Probablemente sí, porque si la luz no llegaba al Planeta éste moriría, y también
todas sus formas de vida. Era un epilogo lánguido e inhumano. El poderoso
hombre, gestor de mil guerras y diez mil batallas, héroe de la conquista del
espacio sideral, creador de la ciencia, la política, la democracia, y de la vida y
de la muerte, el único ser pensante de la naturaleza, moría huyendo cual
descamisado miserable, sin dar la batalla final. Asesinado por sus propios
engendros. Sin haber podido recobrar la dignidad, porque la ferió en el
mercado al postor que primero apareció.
Era infame que la Tierra y los demás seres vivos murieran de esa forma.
Que debieran pagar el costo de una humanidad timorata para intervenir en
favor del planeta y de la vida, como lo habían visto los pájaros con sus propios
ojos. Les tocaba el turno a ellos. Estaban ahí, en el oasis, gélidos e inermes, en
un sarcófago en forma de rosa, a la espera de la muerte.
¡Pobres pájaros!
¡Pobre humanidad!
¡Pobre Tierra!
Pero el desierto seguía protegiéndolos. No quería cargar sobre su espinazo
de dunas la culpa de su muerte. Los pájaros formaban parte del paisaje, del
viento, de la escasez, del peligro, de lo bello, de la topografía infernal.
En lugar de tumba sirvió de marco para salvarlos.
«¡El desierto es el desierto!» había dicho Armerito.
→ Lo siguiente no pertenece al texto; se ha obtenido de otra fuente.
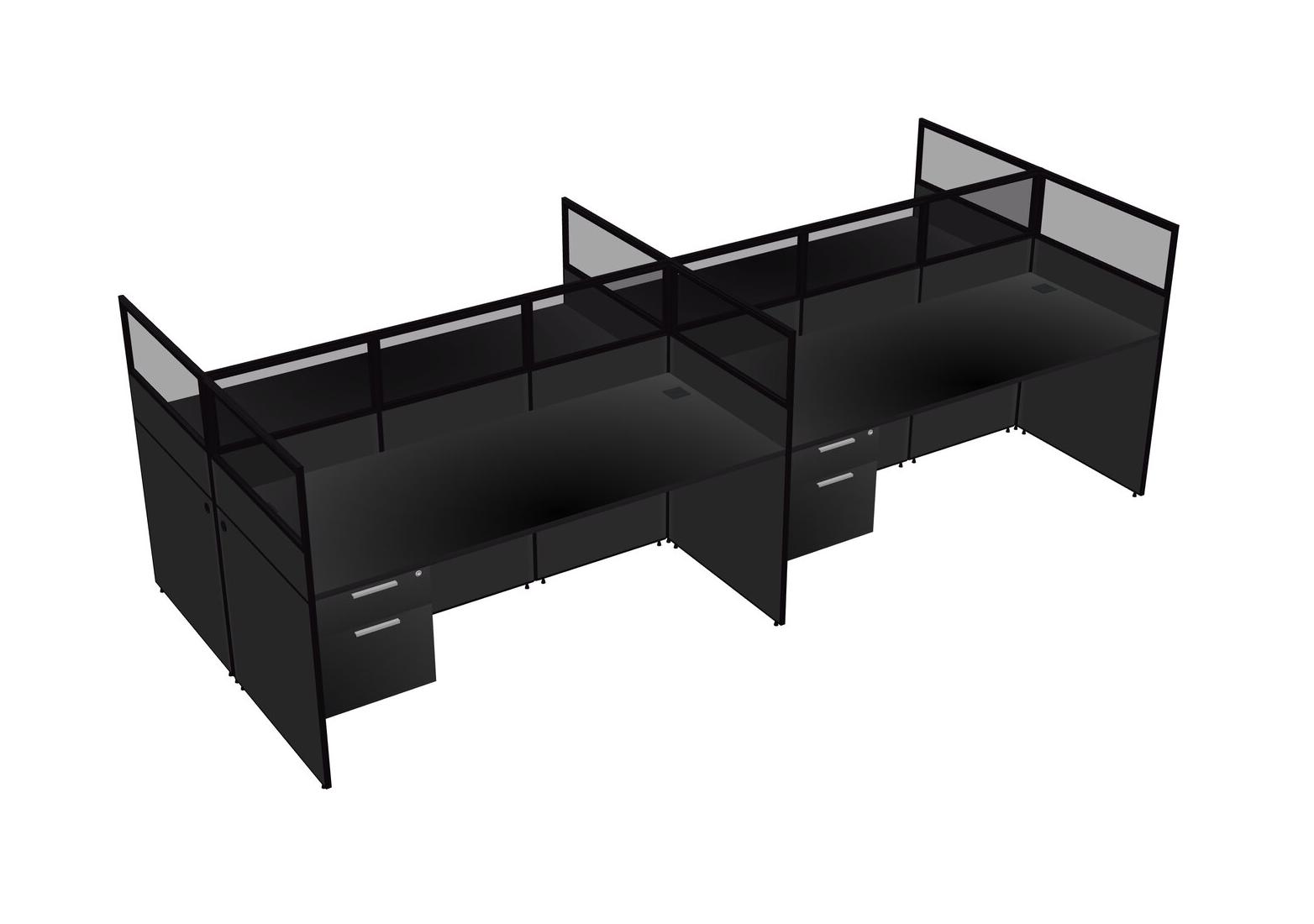 Black Shared Rectangular Office Cubicle Panel System With Hanging Drawers For 4 Persons

Un arcángel de alas verdes y capa color purpura les dio luz y calor. Los
revivió y voló con ellos por los aires y los llevó hasta El Fin del Mundo.
—¡Allá vienen madre! Vienen cantando la Canción del Hombre Perdido.
—¿Se la saben?
—¡Sí, madre!
—¡Gracias Señor por traerlos a salvo! —dijo ella, santiguándose.
—¡Gracias, Dios! —exclamó el jovencito, saltando de júbilo.